As you can see, the Poisson distribution underestimates the number of empty nests in the data, and overestimates the number of nests with either 1 or 2 eggs. To address this, you are asked to modify the implementation of the EM algorithm contained in the Reading "Sample code for EM example 1" so that you can fit a mixture between a point mass at zero and a Poisson distribution (we call this a "Zero-Inflated Poisson" distribution)
$$
f(x) = w \delta_0(x) + (1-w) \frac{e^{-\lambda} \lambda^x}{x!}, \quad x \in \{0, 1, 2, \ldots\}
$$ {#eq-zip-mixture}
where $w$ is the weight associated with the point mass at zero, $\lambda$ is the parameter of the Poisson distribution, and $\delta_0(x)$ represents the degenerate distribution placing all of its mass at zero.

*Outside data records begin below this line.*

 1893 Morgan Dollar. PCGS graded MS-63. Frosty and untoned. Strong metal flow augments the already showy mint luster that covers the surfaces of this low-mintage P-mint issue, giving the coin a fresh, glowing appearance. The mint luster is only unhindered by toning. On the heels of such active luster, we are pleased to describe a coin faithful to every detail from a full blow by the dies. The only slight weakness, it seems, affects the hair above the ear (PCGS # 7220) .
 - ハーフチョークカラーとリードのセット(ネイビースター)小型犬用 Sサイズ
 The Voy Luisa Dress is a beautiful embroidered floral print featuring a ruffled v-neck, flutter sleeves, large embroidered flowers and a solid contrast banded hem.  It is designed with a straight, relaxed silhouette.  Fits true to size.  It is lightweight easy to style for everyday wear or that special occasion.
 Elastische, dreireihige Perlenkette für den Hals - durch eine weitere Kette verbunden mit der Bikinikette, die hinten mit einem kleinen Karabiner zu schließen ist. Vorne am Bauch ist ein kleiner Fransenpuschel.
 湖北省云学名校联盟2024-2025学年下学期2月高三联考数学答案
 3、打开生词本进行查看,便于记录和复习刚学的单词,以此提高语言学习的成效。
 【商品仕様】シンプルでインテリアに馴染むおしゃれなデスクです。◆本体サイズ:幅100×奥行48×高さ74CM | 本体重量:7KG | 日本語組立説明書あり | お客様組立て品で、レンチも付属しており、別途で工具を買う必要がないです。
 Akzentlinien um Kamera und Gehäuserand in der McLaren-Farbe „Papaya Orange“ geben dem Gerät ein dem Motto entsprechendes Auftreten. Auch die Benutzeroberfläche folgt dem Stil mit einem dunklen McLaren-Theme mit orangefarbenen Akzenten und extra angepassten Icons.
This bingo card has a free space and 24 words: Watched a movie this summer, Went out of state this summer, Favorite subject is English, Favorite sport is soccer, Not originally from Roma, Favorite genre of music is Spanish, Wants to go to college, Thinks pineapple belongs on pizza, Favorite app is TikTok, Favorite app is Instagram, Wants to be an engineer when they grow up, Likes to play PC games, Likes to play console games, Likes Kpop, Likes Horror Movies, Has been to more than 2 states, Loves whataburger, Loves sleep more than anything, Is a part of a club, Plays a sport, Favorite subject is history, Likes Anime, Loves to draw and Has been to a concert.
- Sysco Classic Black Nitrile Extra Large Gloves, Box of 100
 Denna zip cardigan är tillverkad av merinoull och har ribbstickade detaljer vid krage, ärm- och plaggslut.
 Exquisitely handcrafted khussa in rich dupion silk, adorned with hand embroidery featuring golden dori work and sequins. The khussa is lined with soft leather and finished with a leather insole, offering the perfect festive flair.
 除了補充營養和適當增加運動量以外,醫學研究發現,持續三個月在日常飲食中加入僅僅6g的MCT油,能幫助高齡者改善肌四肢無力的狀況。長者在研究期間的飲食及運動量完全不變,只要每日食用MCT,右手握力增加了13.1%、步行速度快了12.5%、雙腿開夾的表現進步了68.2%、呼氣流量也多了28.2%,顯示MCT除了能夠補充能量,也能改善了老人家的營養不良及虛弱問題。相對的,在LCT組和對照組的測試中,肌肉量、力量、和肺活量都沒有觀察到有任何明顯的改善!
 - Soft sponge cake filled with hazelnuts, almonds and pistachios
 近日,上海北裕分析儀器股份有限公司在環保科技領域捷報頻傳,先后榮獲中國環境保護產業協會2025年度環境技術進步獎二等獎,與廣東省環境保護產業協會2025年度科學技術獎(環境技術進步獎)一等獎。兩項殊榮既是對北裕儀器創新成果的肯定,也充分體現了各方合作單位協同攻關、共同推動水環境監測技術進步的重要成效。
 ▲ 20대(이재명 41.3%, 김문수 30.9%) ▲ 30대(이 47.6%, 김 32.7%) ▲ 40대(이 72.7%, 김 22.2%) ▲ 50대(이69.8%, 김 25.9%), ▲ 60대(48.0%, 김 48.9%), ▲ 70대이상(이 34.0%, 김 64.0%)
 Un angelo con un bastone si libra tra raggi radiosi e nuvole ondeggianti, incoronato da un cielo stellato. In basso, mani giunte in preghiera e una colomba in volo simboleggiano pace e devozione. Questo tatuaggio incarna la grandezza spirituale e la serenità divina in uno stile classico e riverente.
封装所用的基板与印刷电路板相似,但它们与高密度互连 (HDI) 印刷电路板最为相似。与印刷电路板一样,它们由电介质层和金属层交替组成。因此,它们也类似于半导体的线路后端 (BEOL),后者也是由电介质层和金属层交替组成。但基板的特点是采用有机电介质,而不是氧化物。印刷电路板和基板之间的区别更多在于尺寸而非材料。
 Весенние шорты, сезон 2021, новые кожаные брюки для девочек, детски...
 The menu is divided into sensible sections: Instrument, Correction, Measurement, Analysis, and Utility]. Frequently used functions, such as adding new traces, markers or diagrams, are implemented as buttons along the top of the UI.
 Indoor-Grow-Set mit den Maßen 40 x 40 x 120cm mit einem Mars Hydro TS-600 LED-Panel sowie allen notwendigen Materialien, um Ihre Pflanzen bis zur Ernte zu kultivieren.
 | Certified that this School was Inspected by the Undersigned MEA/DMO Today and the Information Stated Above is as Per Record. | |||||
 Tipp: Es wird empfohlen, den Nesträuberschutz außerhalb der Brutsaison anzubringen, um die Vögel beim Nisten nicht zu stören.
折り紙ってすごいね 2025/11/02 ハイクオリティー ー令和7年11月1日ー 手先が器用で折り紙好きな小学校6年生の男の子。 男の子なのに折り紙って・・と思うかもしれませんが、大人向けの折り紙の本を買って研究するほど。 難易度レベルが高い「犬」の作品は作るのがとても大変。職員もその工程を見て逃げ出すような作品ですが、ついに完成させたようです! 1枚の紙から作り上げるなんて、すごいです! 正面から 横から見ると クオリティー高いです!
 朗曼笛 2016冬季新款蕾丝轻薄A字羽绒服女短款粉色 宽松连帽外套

- You then should run your algorithm with the data contained in `nestsize.csv` and report the values of the estimates that you obtained, rounded to two decimal places.
:::
::: {.callout-note}
### Grading overview
The code you generate should follow the same structure as "Sample code for EM example 1". Peer reviewers will be asked to check whether the different pieces of code have been adequately modified to reflect the fact that
1. you provided a reasonable initial point for you algorithm,
2. the observation-specific weights $v_i,k$ are computed correctly (E step),
3. the formulas for the maximum of the $Q$ functions are correct (M step),
4. the converge check is correct, and
5. the numerical values that you obtain are correct.
To simplify the peer-review process, assume that component 1 corresponds to the point mass at zero, while component 2 corresponds to the Poisson distribution.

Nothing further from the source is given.